* _Assignment_: The expected answer holds every line from the first line of the data below through the line containing "K000251 MILES Диск", exactly as written, and no other line.

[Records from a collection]
Segment Open

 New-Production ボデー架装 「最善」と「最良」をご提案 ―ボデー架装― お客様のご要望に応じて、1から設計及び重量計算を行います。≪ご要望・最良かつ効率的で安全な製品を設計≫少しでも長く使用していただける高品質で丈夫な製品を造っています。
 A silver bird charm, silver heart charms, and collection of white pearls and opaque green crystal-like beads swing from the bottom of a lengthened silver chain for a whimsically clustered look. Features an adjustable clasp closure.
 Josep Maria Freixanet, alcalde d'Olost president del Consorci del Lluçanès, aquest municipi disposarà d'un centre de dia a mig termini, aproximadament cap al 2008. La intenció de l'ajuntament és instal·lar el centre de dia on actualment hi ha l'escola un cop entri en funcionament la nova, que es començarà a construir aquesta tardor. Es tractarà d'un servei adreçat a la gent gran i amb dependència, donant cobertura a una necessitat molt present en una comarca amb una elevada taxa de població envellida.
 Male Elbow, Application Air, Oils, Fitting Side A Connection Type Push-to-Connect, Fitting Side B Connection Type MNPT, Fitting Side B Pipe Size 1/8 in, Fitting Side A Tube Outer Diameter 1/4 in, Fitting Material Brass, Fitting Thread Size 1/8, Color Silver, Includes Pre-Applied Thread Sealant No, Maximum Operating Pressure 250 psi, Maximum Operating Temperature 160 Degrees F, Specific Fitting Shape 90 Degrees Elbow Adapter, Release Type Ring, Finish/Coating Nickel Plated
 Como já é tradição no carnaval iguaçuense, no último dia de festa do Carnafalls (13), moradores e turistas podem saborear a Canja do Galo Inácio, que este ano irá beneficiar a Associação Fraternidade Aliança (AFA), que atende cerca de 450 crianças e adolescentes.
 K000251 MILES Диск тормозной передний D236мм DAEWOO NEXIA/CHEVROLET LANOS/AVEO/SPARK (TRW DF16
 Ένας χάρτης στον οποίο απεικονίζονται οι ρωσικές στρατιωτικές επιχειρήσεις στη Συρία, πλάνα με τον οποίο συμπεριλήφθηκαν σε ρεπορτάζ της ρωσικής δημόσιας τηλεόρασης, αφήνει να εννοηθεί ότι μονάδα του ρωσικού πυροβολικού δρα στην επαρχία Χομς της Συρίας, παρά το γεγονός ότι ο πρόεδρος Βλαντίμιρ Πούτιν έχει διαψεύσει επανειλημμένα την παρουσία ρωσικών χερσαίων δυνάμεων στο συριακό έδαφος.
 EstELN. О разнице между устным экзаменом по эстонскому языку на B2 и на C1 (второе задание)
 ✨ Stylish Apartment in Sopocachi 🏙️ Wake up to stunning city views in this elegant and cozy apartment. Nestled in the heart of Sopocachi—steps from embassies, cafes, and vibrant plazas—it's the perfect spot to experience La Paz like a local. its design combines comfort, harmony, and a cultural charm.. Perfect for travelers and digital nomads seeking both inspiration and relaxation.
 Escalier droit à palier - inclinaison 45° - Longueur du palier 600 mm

Segment Closed

* _Answer to the exercise_:
 New-Production ボデー架装 「最善」と「最良」をご提案 ―ボデー架装― お客様のご要望に応じて、1から設計及び重量計算を行います。≪ご要望・最良かつ効率的で安全な製品を設計≫少しでも長く使用していただける高品質で丈夫な製品を造っています。
 A silver bird charm, silver heart charms, and collection of white pearls and opaque green crystal-like beads swing from the bottom of a lengthened silver chain for a whimsically clustered look. Features an adjustable clasp closure.
 Josep Maria Freixanet, alcalde d'Olost president del Consorci del Lluçanès, aquest municipi disposarà d'un centre de dia a mig termini, aproximadament cap al 2008. La intenció de l'ajuntament és instal·lar el centre de dia on actualment hi ha l'escola un cop entri en funcionament la nova, que es començarà a construir aquesta tardor. Es tractarà d'un servei adreçat a la gent gran i amb dependència, donant cobertura a una necessitat molt present en una comarca amb una elevada taxa de població envellida.
 Male Elbow, Application Air, Oils, Fitting Side A Connection Type Push-to-Connect, Fitting Side B Connection Type MNPT, Fitting Side B Pipe Size 1/8 in, Fitting Side A Tube Outer Diameter 1/4 in, Fitting Material Brass, Fitting Thread Size 1/8, Color Silver, Includes Pre-Applied Thread Sealant No, Maximum Operating Pressure 250 psi, Maximum Operating Temperature 160 Degrees F, Specific Fitting Shape 90 Degrees Elbow Adapter, Release Type Ring, Finish/Coating Nickel Plated
 Como já é tradição no carnaval iguaçuense, no último dia de festa do Carnafalls (13), moradores e turistas podem saborear a Canja do Galo Inácio, que este ano irá beneficiar a Associação Fraternidade Aliança (AFA), que atende cerca de 450 crianças e adolescentes.
 K000251 MILES Диск тормозной передний D236мм DAEWOO NEXIA/CHEVROLET LANOS/AVEO/SPARK (TRW DF16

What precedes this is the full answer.